## AVAILABLE DATA
▬▬▬▬▬▬
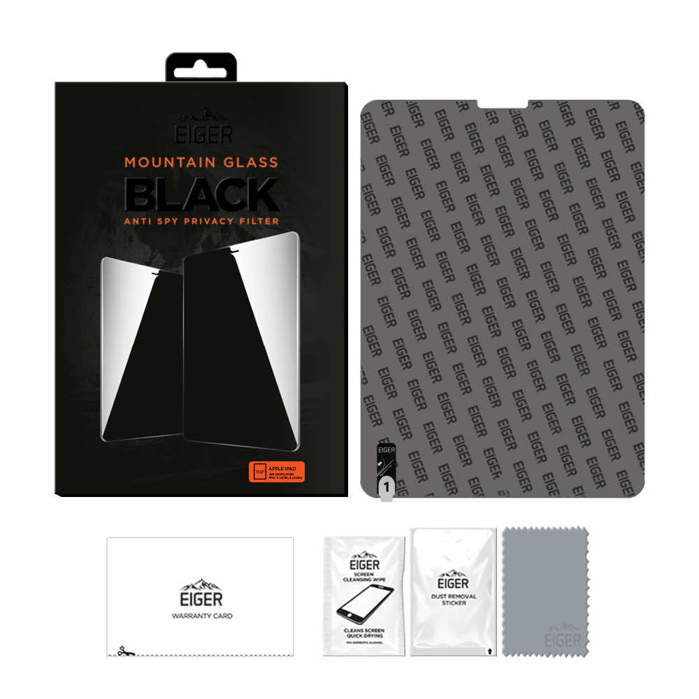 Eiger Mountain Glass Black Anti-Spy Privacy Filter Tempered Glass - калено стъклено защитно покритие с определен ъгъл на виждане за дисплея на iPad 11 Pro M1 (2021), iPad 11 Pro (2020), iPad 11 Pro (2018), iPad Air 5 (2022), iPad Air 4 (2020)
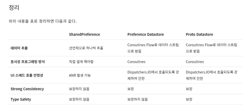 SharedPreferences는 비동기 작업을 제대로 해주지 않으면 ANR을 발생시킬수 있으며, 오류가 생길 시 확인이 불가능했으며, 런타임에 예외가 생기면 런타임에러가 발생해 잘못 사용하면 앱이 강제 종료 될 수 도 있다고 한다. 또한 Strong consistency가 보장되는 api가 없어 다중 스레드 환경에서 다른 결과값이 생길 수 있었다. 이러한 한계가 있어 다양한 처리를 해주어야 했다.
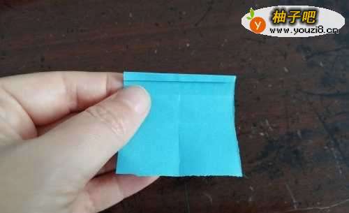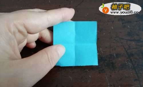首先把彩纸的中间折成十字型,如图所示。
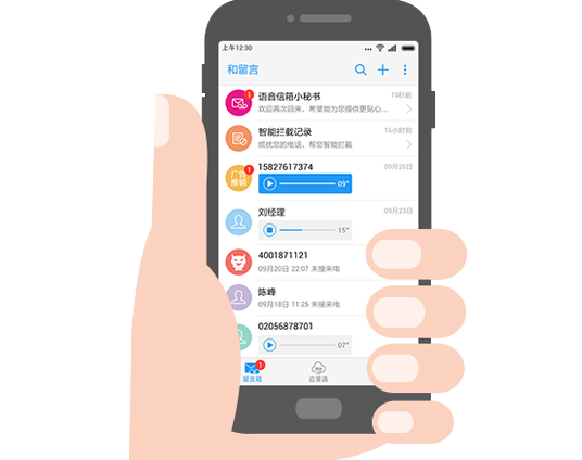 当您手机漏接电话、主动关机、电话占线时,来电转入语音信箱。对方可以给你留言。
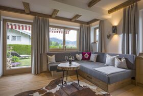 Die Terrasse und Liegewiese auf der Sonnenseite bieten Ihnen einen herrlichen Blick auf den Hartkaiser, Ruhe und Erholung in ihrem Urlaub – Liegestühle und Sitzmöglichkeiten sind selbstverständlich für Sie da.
▬▬▬▬▬▬
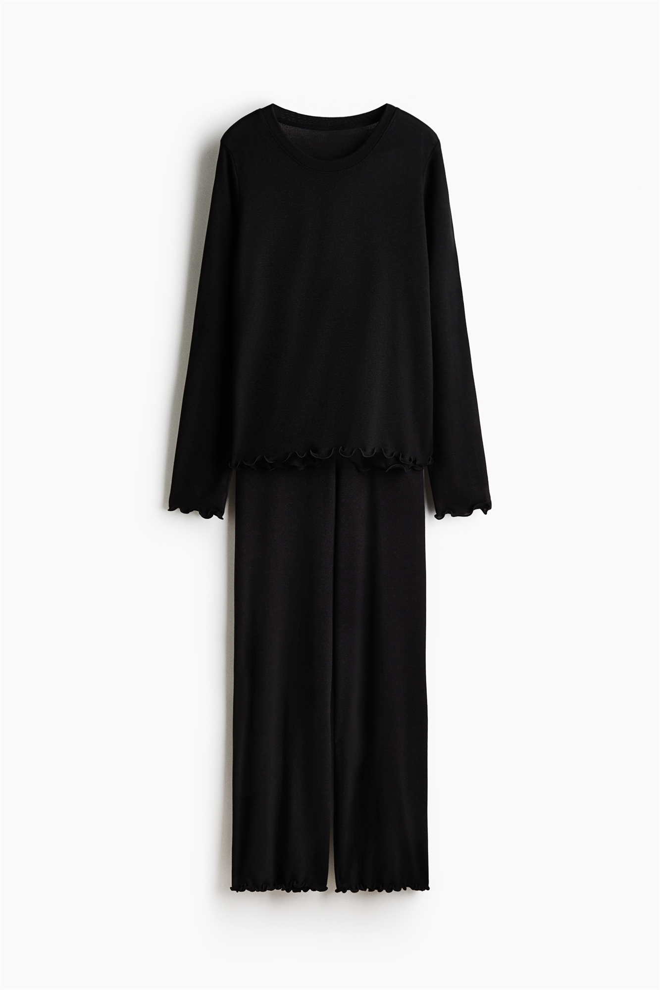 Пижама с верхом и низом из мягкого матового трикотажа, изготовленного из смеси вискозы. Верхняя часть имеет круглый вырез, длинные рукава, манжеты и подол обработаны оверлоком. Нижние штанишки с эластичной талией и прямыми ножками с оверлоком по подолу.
▬▬▬▬▬▬
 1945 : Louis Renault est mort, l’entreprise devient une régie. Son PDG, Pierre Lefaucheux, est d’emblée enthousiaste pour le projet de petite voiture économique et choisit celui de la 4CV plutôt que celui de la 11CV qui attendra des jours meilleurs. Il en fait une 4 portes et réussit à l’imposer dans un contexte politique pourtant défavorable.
▬▬▬▬▬▬
## WHAT YOU HAVE TO DO
To complete this exercise, transcribe exactly the lines above from the one that holds "Eiger Mountain Glass" through the one that holds "Die Terrasse und". Pictures stay out.

## ANSWER FOR THIS EXERCISE
 Eiger Mountain Glass Black Anti-Spy Privacy Filter Tempered Glass - калено стъклено защитно покритие с определен ъгъл на виждане за дисплея на iPad 11 Pro M1 (2021), iPad 11 Pro (2020), iPad 11 Pro (2018), iPad Air 5 (2022), iPad Air 4 (2020)
 SharedPreferences는 비동기 작업을 제대로 해주지 않으면 ANR을 발생시킬수 있으며, 오류가 생길 시 확인이 불가능했으며, 런타임에 예외가 생기면 런타임에러가 발생해 잘못 사용하면 앱이 강제 종료 될 수 도 있다고 한다. 또한 Strong consistency가 보장되는 api가 없어 다중 스레드 환경에서 다른 결과값이 생길 수 있었다. 이러한 한계가 있어 다양한 처리를 해주어야 했다.
首先把彩纸的中间折成十字型,如图所示。
 当您手机漏接电话、主动关机、电话占线时,来电转入语音信箱。对方可以给你留言。
 Die Terrasse und Liegewiese auf der Sonnenseite bieten Ihnen einen herrlichen Blick auf den Hartkaiser, Ruhe und Erholung in ihrem Urlaub – Liegestühle und Sitzmöglichkeiten sind selbstverständlich für Sie da.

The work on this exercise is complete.